No, it wasn’t “engineered” or set up. The explanation for the collapse of the Reserve Primary Fund was rather simple. Here’s the executive summary:
The Reserve Primary Fund was a money market fund that was used by broker/dealers/hedge funds as a money market fund. They owned paper from a large number of banks and financial institutions as the basis of the Primary Fund. When Lehman tipped over, they declared the $785 million in Lehman paper to be “worthless,” which causes the NAV of the Reserve Fund to fall below $1.00/share, or in street lingo “break the buck.”

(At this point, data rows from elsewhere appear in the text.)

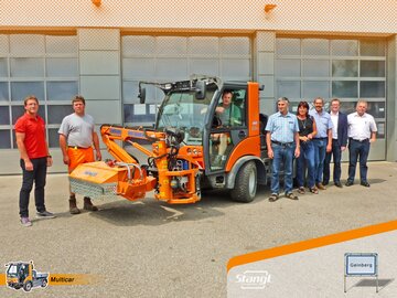 Die Bauhofmannschaft der Marktgemeinde Thalgau übernimmt den neuen Multicar Geräteträger vom Team Stangl Kommunal, zum Kehren, Mähen und für den Winterdienst in der Gemeinde. [Okt 2023]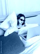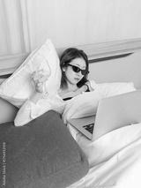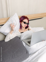 Asian young woman with purple hair wearing sunglasses, holding wine glasses using laptop computer lying under white blanket in bed, concept lazy weekend relaxation comfort zone home lifestyle leisure.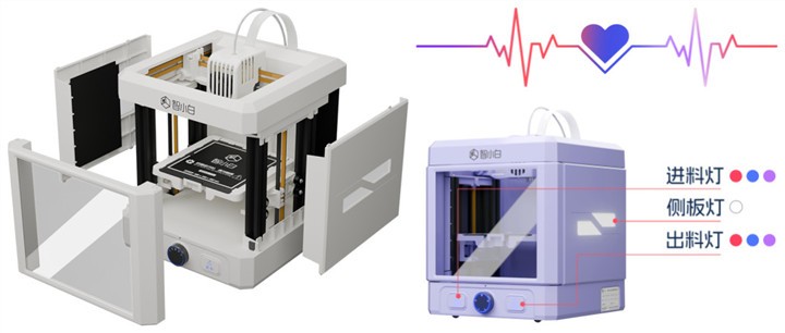安全是绝对红线。 智小白采用全封闭式机身与圆润的钝角设计,物理隔绝所有内部高温与运动部件,从根本上杜绝了学生好奇探索中的意外风险。其核心耗材严选环保可降解PLA,源自玉米等植物,打印过程中安全无毒、低气味,确保教室空气环境清新健康。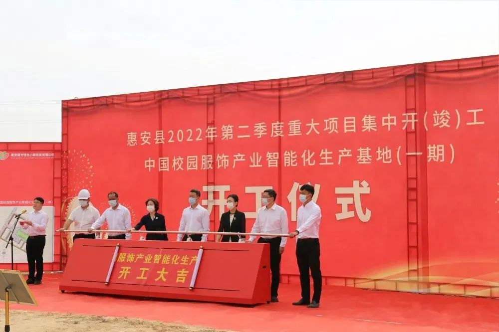 4月13日上午9時(shí)許,城南工業(yè)區(qū)(中國(guó)校園服飾產(chǎn)業(yè)基地)內(nèi),惠安縣隆重舉行中國(guó)校園服飾產(chǎn)業(yè)智能化生產(chǎn)基地一期項(xiàng)目開工儀式。中共惠安縣委書記王春雷,縣政協(xié)主席許貞麗,縣委副書記黃麗瓊,縣委常委、常務(wù)副縣長(zhǎng)蔡旭萌、螺陽(yáng)鎮(zhèn)黨委王海演書記、鎮(zhèn)長(zhǎng)林少杰和項(xiàng)目業(yè)主代表辛景文等出席開工儀式并共同為項(xiàng)目開工推桿啟動(dòng)。副縣長(zhǎng)郭惠卿主持開工儀式并介紹項(xiàng)目情況。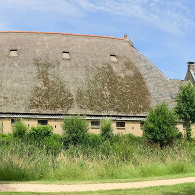 Op een omgracht terrein gelegen kop-rompboerderij met aangebouwde stelp, van algemeen belang

Suddenly, people realized that after 40 years or so of growing to think of money market funds as being “safe as cash,” they were not, and that the widening gyre on Wall Street was breaking a LOT of assumptions about how the debt markets worked. If money market funds were no longer free of exposure to liquidity risk, then nothing was. A stampede ensued to start pulling money out of money market funds.
Now, the way these fund work is that they have a nice cushion of cash, but that they maintain a regularly rolling ladder of short-term debt paper.
Have a look at the portfolio of the Reserve Primary Fund in the report below and you’ll see what I mean. See how short-dated those bonds are? They’re rolling 10’s to 100’s of millions of any particular type of paper in a month.
http://www.reservefunds.com/pdfs/pgtannual.pdf
Ah, but if suddenly everyone wants to cash out at once... well then, the fund is sunk. They would have to sell into a crashing market, with low return of capital because no one wants the stuff. The investors would be taking some serious losses. And that would hold true for most all money market funds, not just Reserve’s.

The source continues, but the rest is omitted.